Now for the second reason. I can make things happen. I have no idea why or how. I can't usually seem to do it on command. But when I get really good and angry, strange things just…happen. It's so embarrassing. I hate it. It absolutely mortifies Father whenever I have an "episode" (his word, not mine!), so over the years I've learned to stay away from situations that might cause my strange powers to flare up. And for when I can't avoid these situations altogether, I've learned to keep my temper under control, at least enough to keep things from getting out of hand. This isn't always easy, but usually I manage to keep myself calm enough that my powers don't act up. However, I also have a rather strong temper when provoked, so sometimes I can't quite manage to rein it in, and the next thing I know everyone is staring at me like I'm some oddity in a carnival freakshow.
Needless to say, between my strange powers and my green skin, I've never really found it easy to get close to anyone. My greatest wish for my time at Shiz is that for once I'll be able to just fit in and make friends like a normal girl instead of being the outcast, as I've always been before. Maybe the people at Shiz won't be as incredibly small-minded as everyone back home. Maybe, instead of judging me by their first glimpse of me, they'll actually take the time to look past my green skin and accept me for the person I really am.
And maybe Pigs will sprout wings and fly.
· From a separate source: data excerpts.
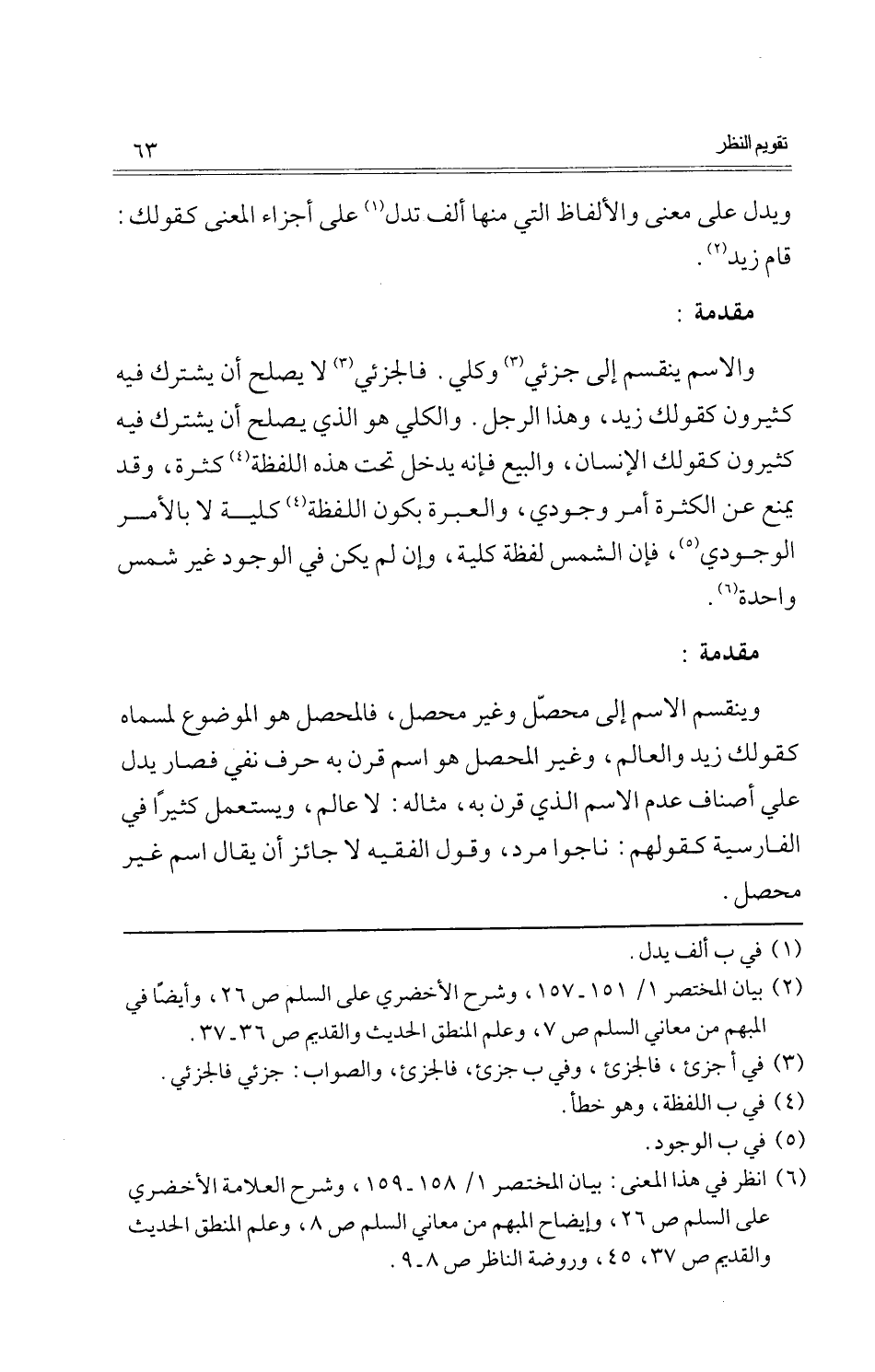 وَالِاسْم يَنْقَسِم إِلَى جزئي وكلي. فالجزئي لَا يصلح أَن يشْتَرك فِيهِ كَثِيرُونَ كَقَوْلِك زيد، وَهَذَا الرجل. والكلي هُوَ الَّذِي يصلح أَن يشْتَرك فِيهِ كَثِيرُونَ كَقَوْلِك الْإِنْسَان، وَالْبيع فَإِنَّهُ يدْخل تَحت هَذِه اللَّفْظَة كَثْرَة، وَقد يمْنَع عَن الْكَثْرَة أَمر وجودي، وَالْعبْرَة بِكَوْن اللَّفْظَة كُلية لَا بِالْأَمر الوجودي، فَإِن الشَّمْس لَفْظَة كُلية، وَإِن لم يكن فِي الْوُجُود غير شمس وَاحِدَة.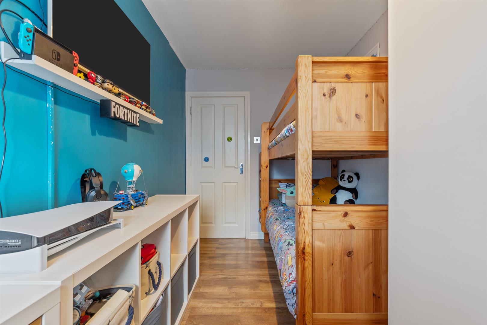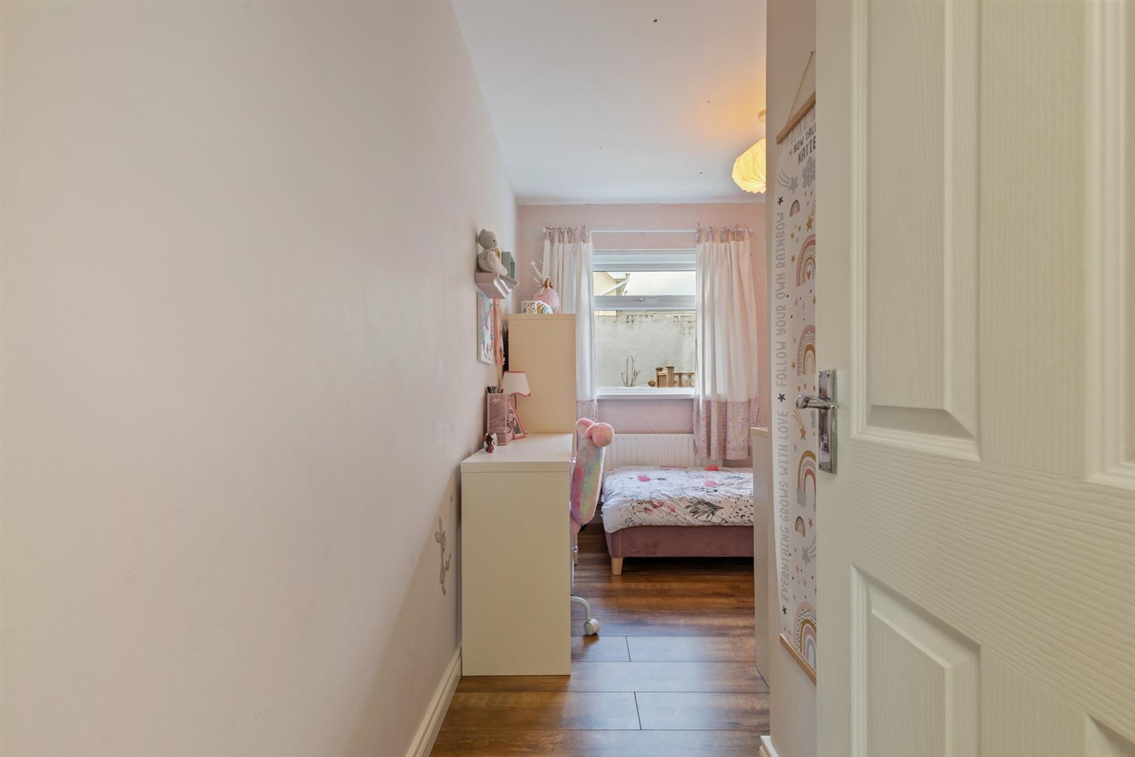 An inner hall provides access to three bedrooms, all finished with wood laminate flooring. The rooms offer flexibility for use as bedrooms, a home office, or study depending on requirements. The bathroom comprises a modern white suite including a panelled bath, electric overhead shower, vanity unit and low flush WC.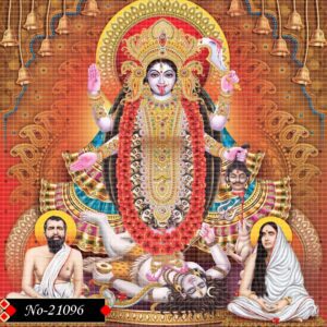 A spiritual masterpiece where Ramakrishna and Sarada Devi appear bathed in a golden aura. Behind them, the powerful form of Goddess Kali glows, filling the composition with divine warmth and sacred reverence.

Oh, who am I kidding? What reason do I have to believe that Shiz is going to be any different from home? I've got to learn to stop giving myself false hope that's only going to be crushed in the end. No one at Shiz is going to want to befriend me any more than anyone back in Munchkinland did. I've known that all along; it's time I accepted it. That was why I bought this diary in the first place, after all – to have somewhere other than inside my own head to talk about my private thoughts and problems. Because goodness knows I certainly won't have any people who are willing to listen to them. Putting my impressions of the world down on paper is better than not having anywhere at all to discuss them, I suppose. At least paper can't run away screaming or fall down in a faint at the sight of me, or tell me that my feelings and opinions don't matter.
I guess I'd better go for now – we just pulled up to the railway station at Shiz, and Father will want my help rounding up all our luggage and getting Nessa off the train. I'll try to write more in the next few days, once Nessa and I are settled in.